> **About this task**: Each line from the one that holds "Le prix médian" to the end of the entries is to be given again exactly. Do not include pictures.

> **Task input**:

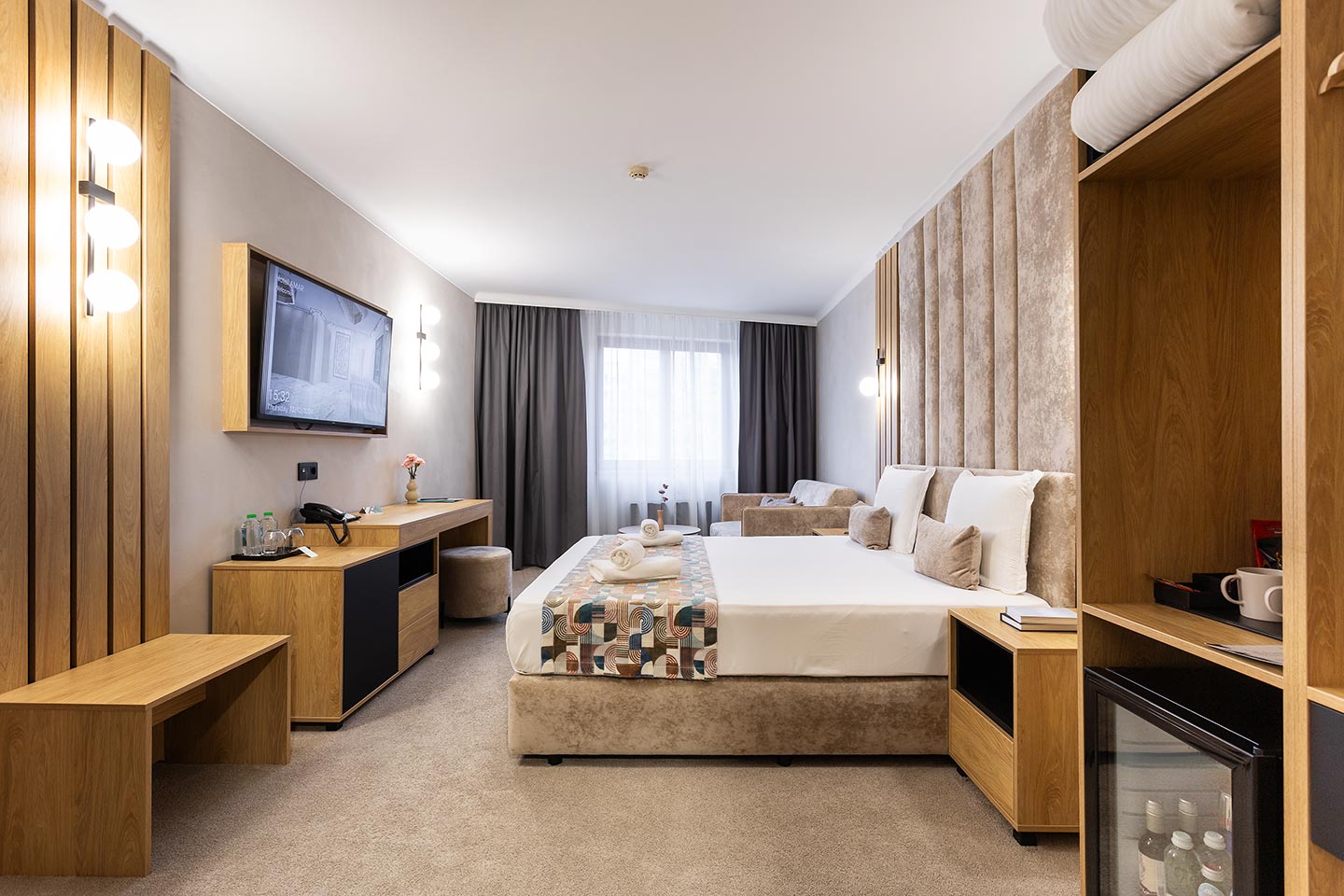 Стаите разполагат с всичко необходимо за пълноценна почивка – удобно легло с матрак от серия Cashmir, комфортен кът за сядане с фотьойл и ниска масичка, 50“ плоскоекранен смарт телевизор с кабелна телевизия, безшумен минибар, електрическа кана, нес кафе, чай и минерална вода – комплимент от хотела. А за ефективна работа – работно бюро, подходящо осветление и безплатен достъп до отличен интернет.
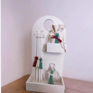 Το λαδοσετ(μπουκαλάκι λαδιού στολισμένο, 3 κεράκια στολισμένα, σαπουνάκι σε πουγκάκι , stand για λαδοσετ)
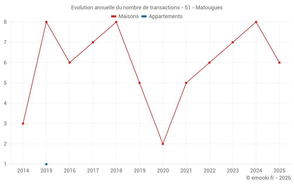 Le prix médian sur les 18 transactions de maisons des 24 derniers mois dans la commune de Matougues était de 1 980 € par mètre carré pour une valeur foncière médiane de 174 500 €. Sur cette période 60% des transactions se sont situées entre 1 767 et 2 285 € par mètre carré (du 2ème au 8ème déciles).
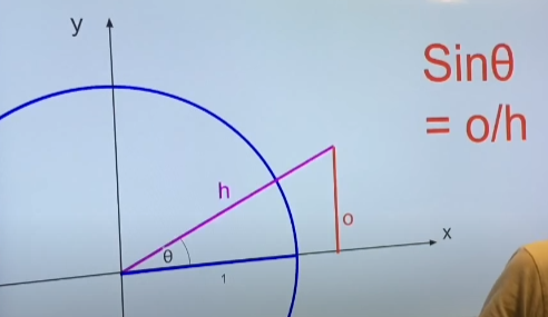 빗변 / 높이가 사인인대 빗변의 길이가 1이니 그냥 Y좌표는 사인값이된다
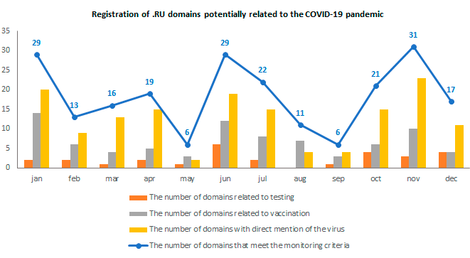 Over the previous year, owners registered 1,591 domains containing the words corona, covid, pandemia, ковид, пандемия, вакцина and the like in .RU and 203 in .РФ; the total number of such registrations in 2021 was 1,669 in both Russian domain zones.
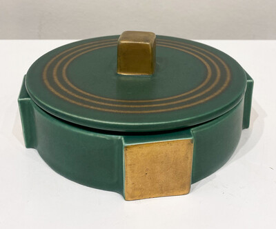 small green and gold enamel ceramic box, Villeroy et Boch, 1930

> **Written answer**:
 Le prix médian sur les 18 transactions de maisons des 24 derniers mois dans la commune de Matougues était de 1 980 € par mètre carré pour une valeur foncière médiane de 174 500 €. Sur cette période 60% des transactions se sont situées entre 1 767 et 2 285 € par mètre carré (du 2ème au 8ème déciles).
 빗변 / 높이가 사인인대 빗변의 길이가 1이니 그냥 Y좌표는 사인값이된다
 Over the previous year, owners registered 1,591 domains containing the words corona, covid, pandemia, ковид, пандемия, вакцина and the like in .RU and 203 in .РФ; the total number of such registrations in 2021 was 1,669 in both Russian domain zones.
 small green and gold enamel ceramic box, Villeroy et Boch, 1930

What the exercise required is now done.